Comment parvenir à susciter l'intérêt d'un maximum de téléspectateur, en mettant en scène un jeu de réflexion auquel une grande majorité n'y comprend strictement rien ? C'est le pari risqué que se sont donnés Scott Frank et Allan Scott, en adaptant pour Netflix un roman publié en 1983, "The Queen's Gambit" de Walter Tevis, un écrivain américain né en 1928 et décédé en 1984, également passionné d'échecs. Le sujet ? Dans les années 50, une petite fille se trouve dans un orphelinat suite au décès brutal de sa mère. Dans cet orphelinat, elle fait la rencontre du gardien des lieux, Mr Schaibel, qui se terre dans le sous-sol, devant un jeu d'échecs auquel il joue seul. De fil en aiguille, il va lui apprendre les règles de base de ce jeu si complexe, et tout au long des 7 épisodes d'environ une heure que dure la mini-série "Le jeu de la dame", on va suivre le parcours de cette petite fille jusqu'à l'aube des années 70, entre victoires et défaites, aux Etats-Unis, en France, et en Russie, là où se trouvent les plus grands joueurs d'échecs du monde.
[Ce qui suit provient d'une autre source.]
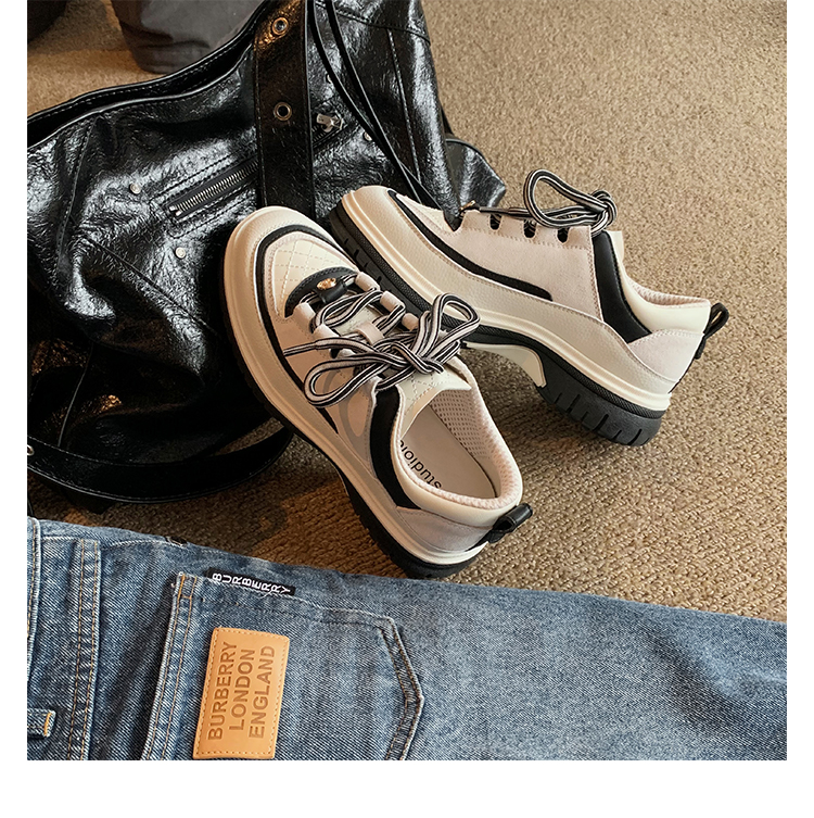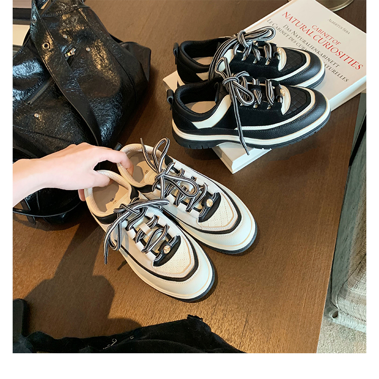 Grape Mom Studiolee 4cm Thick-Soled Panda Color-Blocked Plush-Lined Chanel-Style Versatile Casual Sneakers for Women

Son but ? Devenir la meilleure, ni plus, ni moins.


J'ai appris à jouer aux échecs vers l'âge de 11 ou 12 ans, grâce à un petit jeu électronique de marque Saitek que mes parents m'ont offert, et qui m'a permis d'en apprendre les règles. Les pions mesuraient à peine 1cm de haut avec la petite tige qu'il fallait enfoncer dans le plateau pour valider le déplacement d'une pièce pour le système électronique face auquel je jouais. C'était un système très évolué, j'en passais les niveaux de difficulté dès lors que j'étais parvenue à comprendre la technique que la machine m'apprenait. C'était astucieux et très prenant, et même s'il m'arrivait de perdre patience à force d'échouer sur certains niveaux, c'était une véritable fête lorsque j'en passais un ! Le gros avantage que me procurait mon jeu, c'est que je pouvais en rabattre le couvercle tout en laissant une partie en cours, et il se glissait facilement dans un sac car il était petit.

Le jeu d'échecs électronique que je possédais (photo prise sur Pinterest)
Le jeu d'échecs électronique que je possédais (photo prise sur Pinterest)
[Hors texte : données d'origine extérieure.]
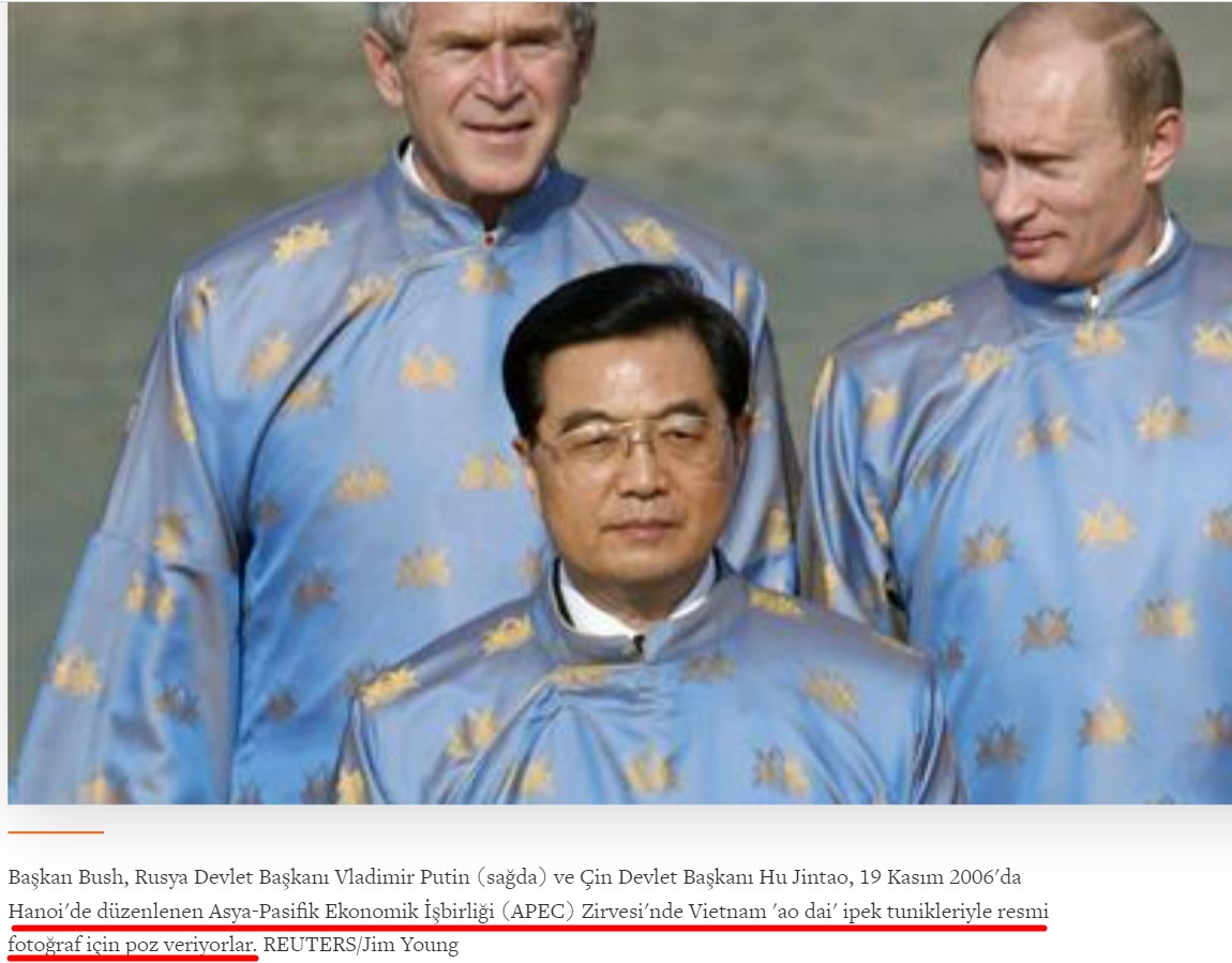 - 2006 yılında Vietnam’ın başkenti Hanoi’de gerçekleşen APEC (Asya-Pasifik Ekonomik İşbirliği) zirvesinde çekilen bu fotoğrafta dünya liderleri, Vietnam’ın geleneksel giysisi olan Áo Dài’yi giymiş.

De fait, à cette époque, ce jeu me suivait absolument partout, à la maison, en vacances, au collège même où j'y jouais durant les récréations. Certains collégiens venaient me regarder faire, et une petite minorité m'a proposé de temps à autre de jouer une partie, mais je n'ai pratiquement jamais trouvé un joueur qui avait le "niveau" que j'avais acquis grâce à cette machine. Oh je ne suis pas devenue une joueuse exceptionnelle, je ne connais pas les noms des ouvertures ni même ceux des coups spéciaux, et je n'avais même pas la moindre idée de comment se déroulait un concours d'échecs avant de débuter le visionnage de la mini-série "Le jeu de la dame" (je connaissais juste l'existence du double chronomètre). J'ai seulement acquis un petit niveau qui me permet de pouvoir dire que je sais jouer aux échecs, c'est tout. J'ai abandonné ce jeu au fil des années car je n'avais pas d'adversaire réel et que j'ai fini par m'ennuyer de ne jouer que face à la machine.
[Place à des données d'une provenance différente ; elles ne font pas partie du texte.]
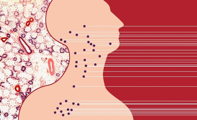 Lorsqu'il se dirige vers la thyroïde, il forme un nodule thyroïdien ; lorsqu'il reste dans le sein, il s'agit d'une hypertrophie mammaire.
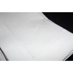 12 PC EMBROIDERY CURSIVE L CLOTH NAPKINS

Même mon père, pourtant adepte des jeux de société comme des jeux de réflexion, préférait jouer aux dames. Je n'aime pas tellement les dames, même s'il m'arrivait d'y jouer avec lui. Je déteste cette règle du "souffler n'est pas jouer" qu'il me rebâchait très souvent. J'ai toujours eu du mal à intégrer que, contrairement aux échecs où l'on est libre de prendre un pion ou non en fonction de ce que l'on veut faire ou de ce que l'adversaire tente, aux dames c'est une règle imposée. C'est l'une des raisons pour lesquelles j'ai toujours préféré les échecs, mais lui ne voulait pas s'y mettre. J'ai donc fini par remiser mon petit jeu d'échecs électronique, et n'ai plus jamais entendu parler de ce jeu jusqu'à que peu avant Noël 2020, ma fille de 11 ans me confie qu'elle aimerait en avoir un. Cela m'a fait alors sourire, car non seulement elle m'avait rappelé moi-même à son âge, mais en plus, j'avais vaguement entendu parler d'une série qui venait de sortir sur Netflix et qui mettait justement ce jeu à l'honneur. Seulement, je n'avais pas encore eu l'occasion de la regarder.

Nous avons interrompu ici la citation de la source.